Gastroserica stictica

Scientific classification
- Kingdom: Animalia
- Phylum: Arthropoda
- Class: Insecta
- Order: Coleoptera
- Suborder: Polyphaga
- Infraorder: Scarabaeiformia
- Family: Scarabaeidae
- Genus: Gastroserica
- Species: G. stictica
- Binomial name: Gastroserica stictica Ahrens & Pacholátko, 2003

= Gastroserica stictica =

- Genus: Gastroserica
- Species: stictica
- Authority: Ahrens & Pacholátko, 2003

Species of beetle

Gastroserica stictica is a species of beetle of the family Scarabaeidae. It is found in Laos.

==Description==
Adults reach a length of about 7.1 mm.

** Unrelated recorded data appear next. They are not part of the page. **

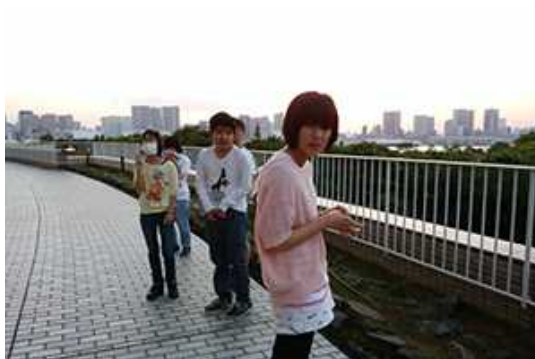
ホテルの外はきれいな夕焼けでした。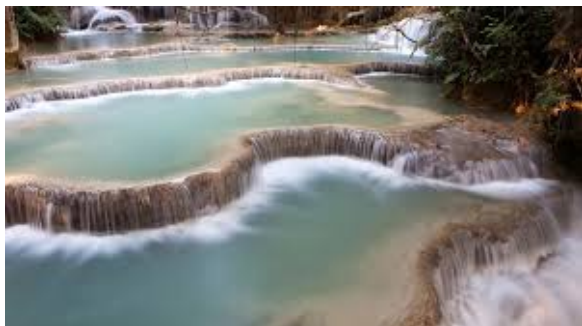
Фиг. 5. Повишаване пластичността на пространствата заети от водни течения и площи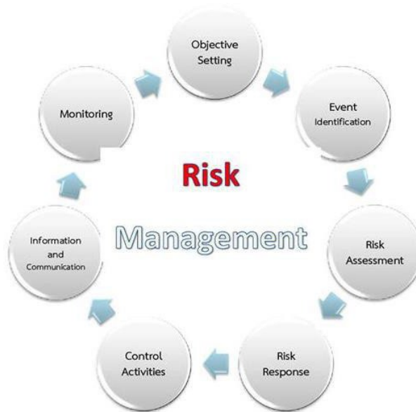
ภาพที่ ๒ กระบวนการบริหารจัดการความเสี่ยง

การบริหารความเสี่ยงและการควบคุมภายในประกอบด้วย ๘ องค์ประกอบ ที่มีความเกี่ยวข้องซึ่งกันและกัน ดังแผนภาพที่ ๒ ทั้งนี้องค์ประกอบเหล่านี้เกิดจากการปฏิบัติงานร่วมกันของฝ่ายบริหาร ฝ่ายปฏิบัติงาน และฝ่ายสนับสนุนครอบคลุมทุกหน่วยงานในองค์กร ผสมผสานเข้ากับกลยุทธ์ในการบริหารจัดการ โดยมีความเชื่อมโยงกันในทุกระดับจากระดับองค์กรสู่ระดับฝ่ายดำเนินกิจกรรมและเป็นกระบวนการที่ดำเนินการอย่างต่อเนื่องภายในองค์กร องค์ประกอบการบริหารความเสี่ยงและการควบคุมภายใน ได้แก่

They have an oval body. The ventral surface, labroclypeus, legs, intervals three to five of the elytra, lateral margins, and a median stripe on the pronotum are all yellowish-brown, while the antennal club, frons, elytral margins, lateral and sutural intervals, spots on the intervals, and the pronotal disc are dark brown. The dark portions have a metallic-green shine. The dorsal surface is dull, with moderately dense erect setae mixed with dense and short setae.

==Etymology==
The species name is derived from Latin sticticus (meaning punctate).